Phaedymia (or Phaedyme, Phædima; Φαιδύμη) was the daughter of Otanes, a nobleman of the Achaemenid Persian court in the early 6th century BCE. She was married, successively, to Cambyses II, then Bardiya (or Galatia), and then Darius I.

Herodotus tells us in his Histories that the Persian king Cambyses II married Phaedymia. Otanes may have been the brother of Cassandane, who was Cambyses' mother. If this is correct, Phaedymia was not only Cambyses's wife but also his cousin.

Cambyses died in the spring of 522 BCE and was succeeded by Bardiya, son of Cyrus. But according to the conventional history as related by ancient writers, the "Bardiya" now on the throne was an impostor; in reality he was a magus named Gaumata. Herodotus wrote that Otanes was the first to suspect that the new king was an impostor. Next came Phaedymia who, with all the other wives of Cambyses, was now wife of the false Bardiya. Phaedymia told her father of the ruse.

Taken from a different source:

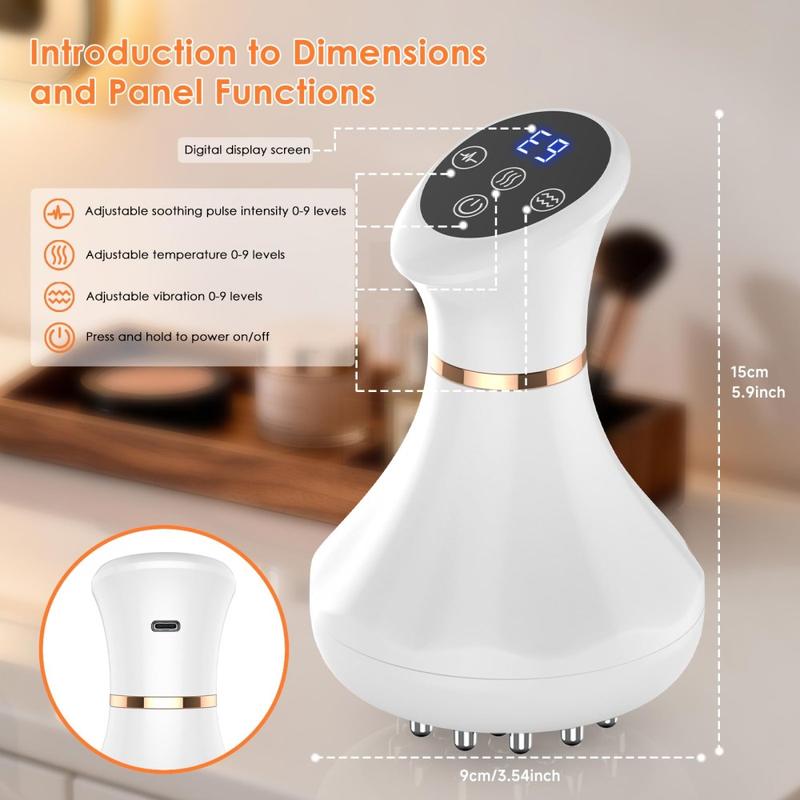 Det trådløse design gør det nemt at flytte den rundt på forskellige områder af kroppen, mens det digitale display giver mulighed for hurtig og præcis styring af indstillingerne. Uanset om du ønsker at slappe af efter en lang dag, fokusere på områder med muskelspændinger eller tilføje et opvarmende massagetrin til din wellness-rutine, tilbyder denne enhed fleksibel brug til forskellige behov. Kombinationen af varme og vibrationer er med til at skabe en mere beroligende oplevelse, mens den integrerede lysterapi tilføjer et ekstra plejeelement for brugere, der er interesserede i en hud, der ser glattere ud og føles fastere.

Upon hearing this, Otanes organized a conspiracy that ousted Gaumata put Darius I on the Persian throne in the autumn of 522 BCE. Phaedymia then married Darius; her father Otanes married a sister of Darius.

Most modern historians do not consider Darius's version of events (i.e., the conventional history) convincing, and assume that the person who ruled for a few months was the real son of Cyrus, and that the story of his impersonation by a magus was an invention of Darius to justify his seizure of the throne.